The Duplicate Alerts and Blocking capability is just one of a number of approaches their team uses to manage data quality. Andy looks at it in terms of “creating an ecosystem around duplicate management.” As different scenarios have different needs their team leverages a number of tools, workflows, and processes to ensure overall quality.
Here’s some of the tips Andy shared on duplicate management.
1. Know the scope of your problem
Your first step is knowing the scale of the problem. Andy describes it as going in “with your eyes open.” Get consensus throughout your business on what the most important attributes are. You need to have all groups involved to get consensus on: what is the minimal amount of data; what is considered an active contact; and what is a lead vs. a contact. And remember, as Andy says, “what the business considers important is likely to change over time.”
With an agreed upon standard, you can approach the challenge as their team did by actually testing to see where the greatest challenges are. Your investigation should drive the momentum for what you tackle first. It’s important not to make those decisions just based on the perceptions of those involved. Make your decisions based on the results of your testing.
2. Clean, and keep cleaning
Cleaning is an ongoing process. Your data may come from many places (acquisitions, lists, data entry, etc.) — and the data governance may have varied over time. Look at clean data holistically, it’s not just about duplicates — it’s about architecture, governance, cleanup. Tools like Data.com help with data cleaning and enrichment. Thomson Reuters leverages the D&B D-U-N-S® number, provided by Data.com, to help maintain consistency.
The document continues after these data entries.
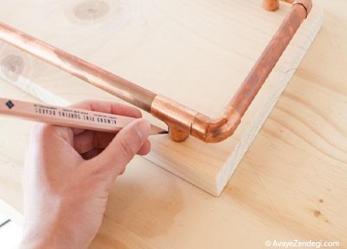 ۱۰. در فضایی كه دارای تهویه مناسب است لوله‌های مسی را رنگ كنید. فقط دقت كنید كه برای داشتن سطحی یكدست باید چند لایه رنگ روی سطوح اضافه كنید. در نهایت اجازه دهید لوله‌ها به طور كامل خشك شوند.
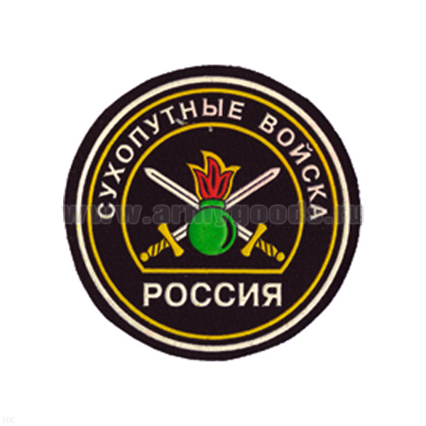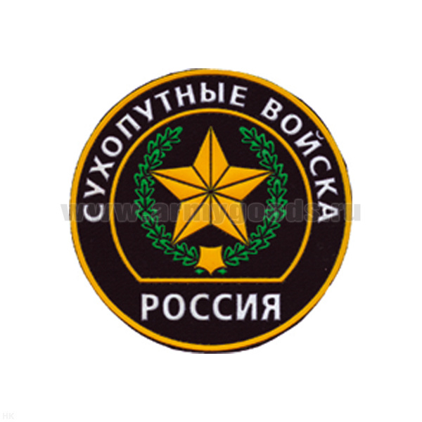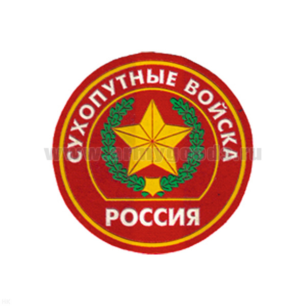 Шеврон пластизолевый Россия Сухоп. войска (кругл. с эмбл. нов/обр и надп.)
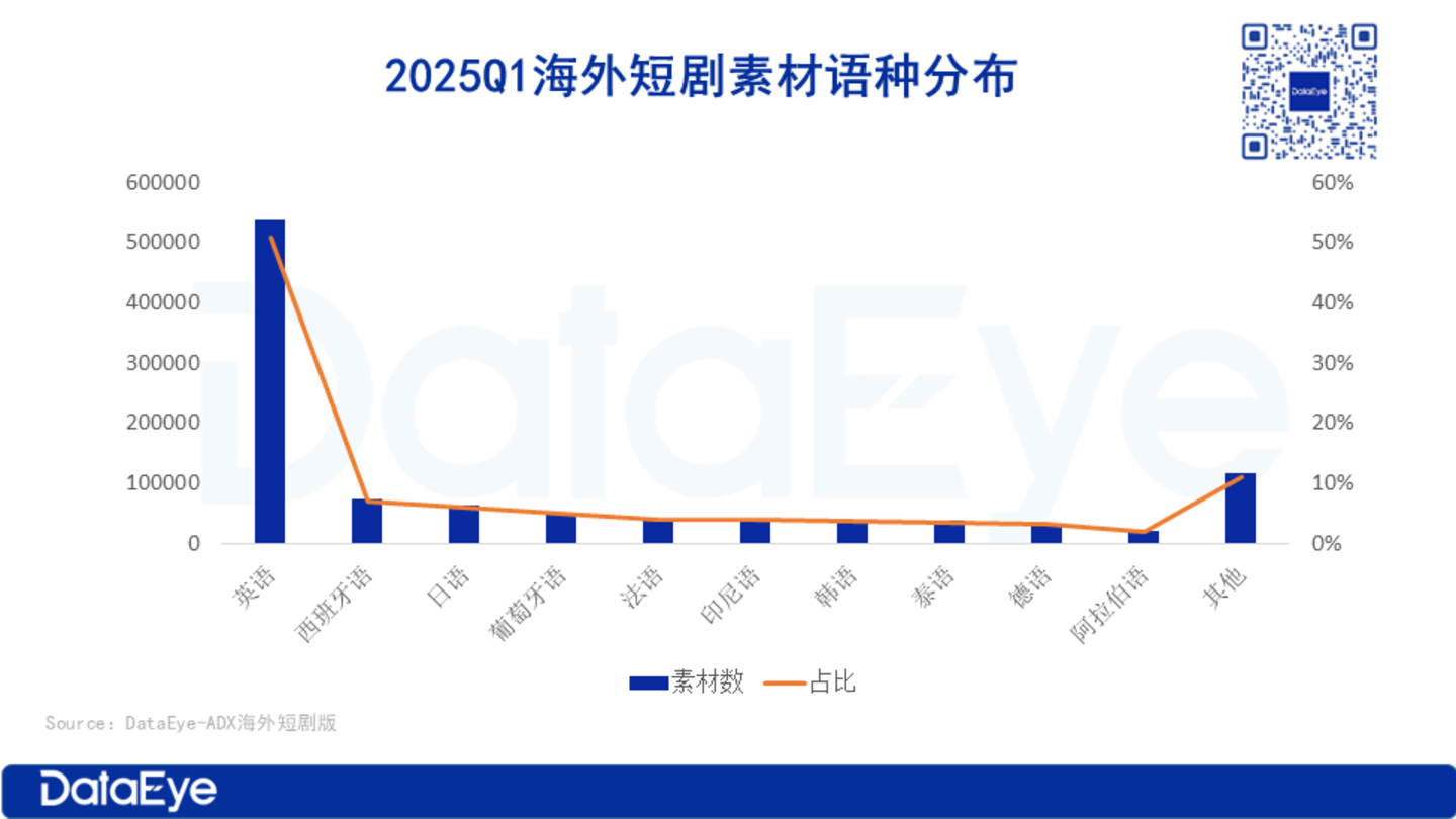 2025Q1,英语素材的投放量一骑绝尘,占比超50%,是海外短剧素材的主要语言。
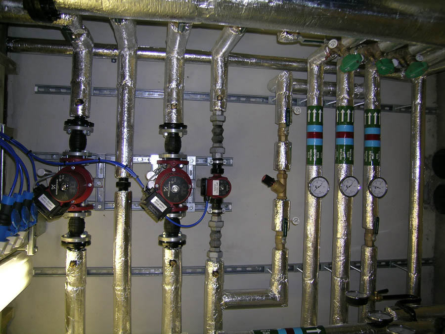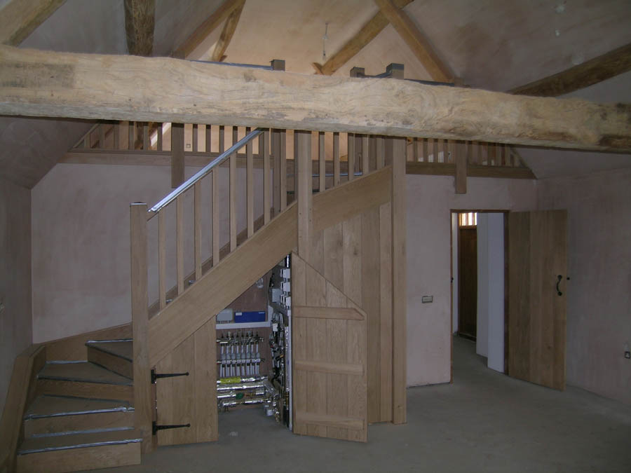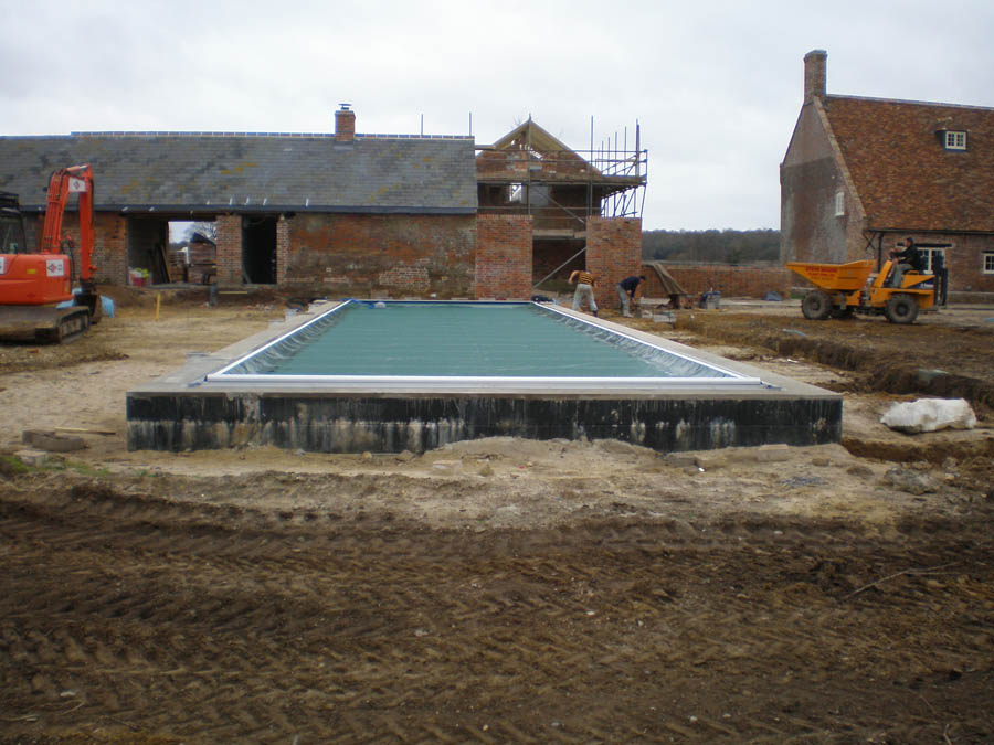 The client requested that the design be as “green” as possible but planning restrictions precluded mounting solar thermal of PV panels on roofs, and wind turbines. The high water table in the area meant that boreholing for ground source energy could cause problems with the Environmental Agency. A closed loop ground source heat pump system was decided upon using 6 x 50m “slinkey” pipes in trenches for the farmhouse ground floor and a slightly smaller array for the Phase 2 Holiday let. A Viessman BW220 heat pump was coupled with a 200 litre buffer vessel for the farmhouse ground floor underfloor heating system. Oil-fired boilers were provided to serve as back up and to provide heat to upper floor radiator circuits and hot water calorifiers. The heating system also provided heat to the swimming pool. A 5000 ltr oil tank was provided and connected to pumped ring main that could be tapped into for future phases.

Creating this consistency helps with resolving duplicates.
3. Stop duplicates
Your rules need to reflect your organization’s needs, but here’s an idea of the rules Thomson Reuters are leveraging. For accounts, they’re matching based on name and post code. Leads have two matching rules. The first is based on email. The other is to help maintain quality for the data coming from the marketing automation system and relies on first name, last name, and company name. For contacts, they leverage a unique email field hidden in the system, separate from their workflow around contacts.
4. Measure and adjust
The further you go into the data, the more difficult the cleaning process becomes. It’s important to measure how effective you are at preventing duplicates and how effective your cleaning actions are on the historical data. Andy’s advice is not to get hung up on the actual percentages you’re targeting. It’s more important to know what the biggest problems are and build in flexibility. When you’re looking at two duplicates, making the call on what data survives in a record can be difficult. For some, they don’t get rid of them, they look at which are getting used before determining the right course of action.
“People underestimate the importance of having clean data,” is a sentiment Andy shared that we see frequently. In Andy’s case they’re working across verticals, giving them a very broad dataset that can be challenging to “get your arms around,” and his instance of Salesforce is just one of many across the enterprise. As Andy puts it, “the goal is to create a Salesforce environment everyone can use.” While many admins focus on functionality required to support the business, data is the “foundational piece.” As Andy says, “if you don’t have the right data, the other things are impossible.”